> [Assignment] Word for word, copy out the data below, omitting pictures.
=== Dataset excerpt ===
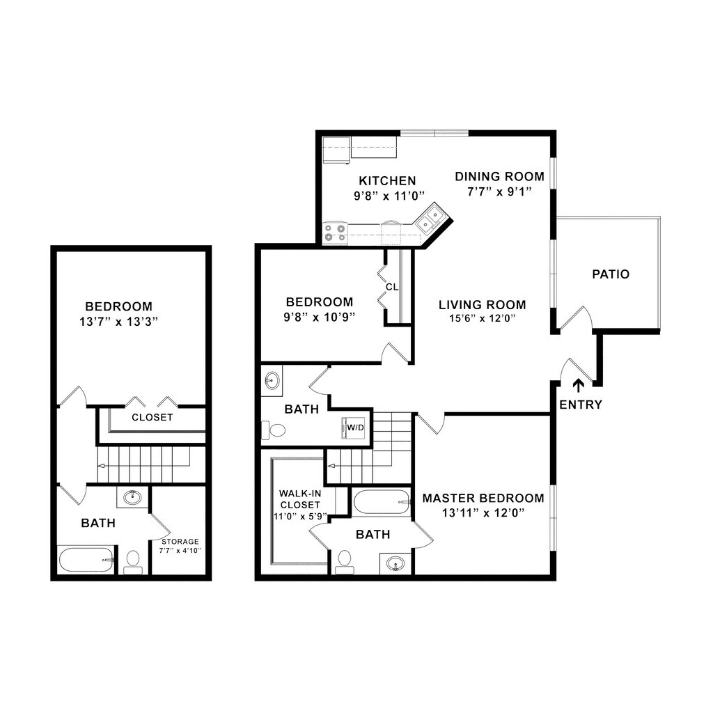 The Plank - Floorplan 4 Apartment Unit: 0628Apartment Model: The Plank$1,2341 Bedroom, 1 Bath, 785 sq ftAvailable December 25, 20252 Bedrooms
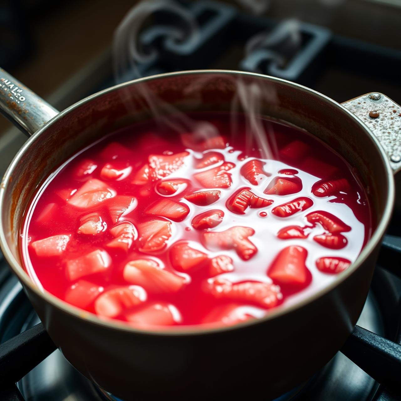 - Simmer to Perfection: Place the saucepan over medium heat and bring the mixture to a lively simmer, stirring occasionally. Once it’s bubbling, reduce the heat to low, cover the pot, and let it cook for 15-20 minutes. The rhubarb will begin to break down and release its juices, creating a thick, saucy consistency.
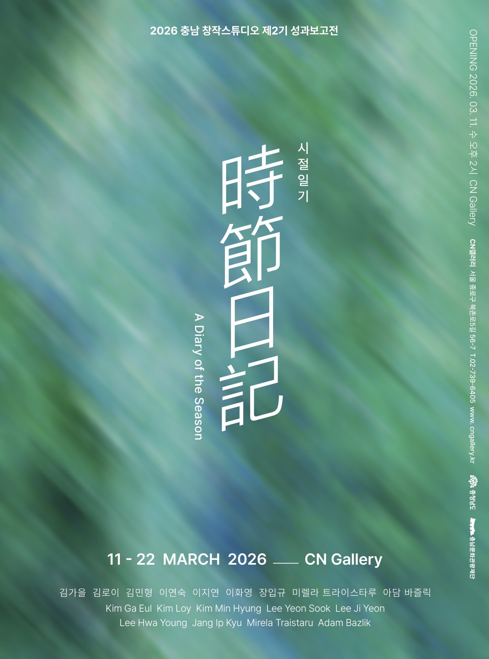 [스포츠동아 양형모 기자] 충청남도와 충남문화관광재단이 주최·주관하는 충남창작스튜디오 2기 입주작가 성과보고전 ‘시절일기時節日記’가 3월 11일부터 22일까지 서울 북촌 CN갤러리에서 열린다. 이번 전시는 스튜디오 입주 기간 동안 이어진 작가들의 창작 결과를 공개하는 자리다.
===
> [Task solution]
 The Plank - Floorplan 4 Apartment Unit: 0628Apartment Model: The Plank$1,2341 Bedroom, 1 Bath, 785 sq ftAvailable December 25, 20252 Bedrooms
 - Simmer to Perfection: Place the saucepan over medium heat and bring the mixture to a lively simmer, stirring occasionally. Once it’s bubbling, reduce the heat to low, cover the pot, and let it cook for 15-20 minutes. The rhubarb will begin to break down and release its juices, creating a thick, saucy consistency.
 [스포츠동아 양형모 기자] 충청남도와 충남문화관광재단이 주최·주관하는 충남창작스튜디오 2기 입주작가 성과보고전 ‘시절일기時節日記’가 3월 11일부터 22일까지 서울 북촌 CN갤러리에서 열린다. 이번 전시는 스튜디오 입주 기간 동안 이어진 작가들의 창작 결과를 공개하는 자리다.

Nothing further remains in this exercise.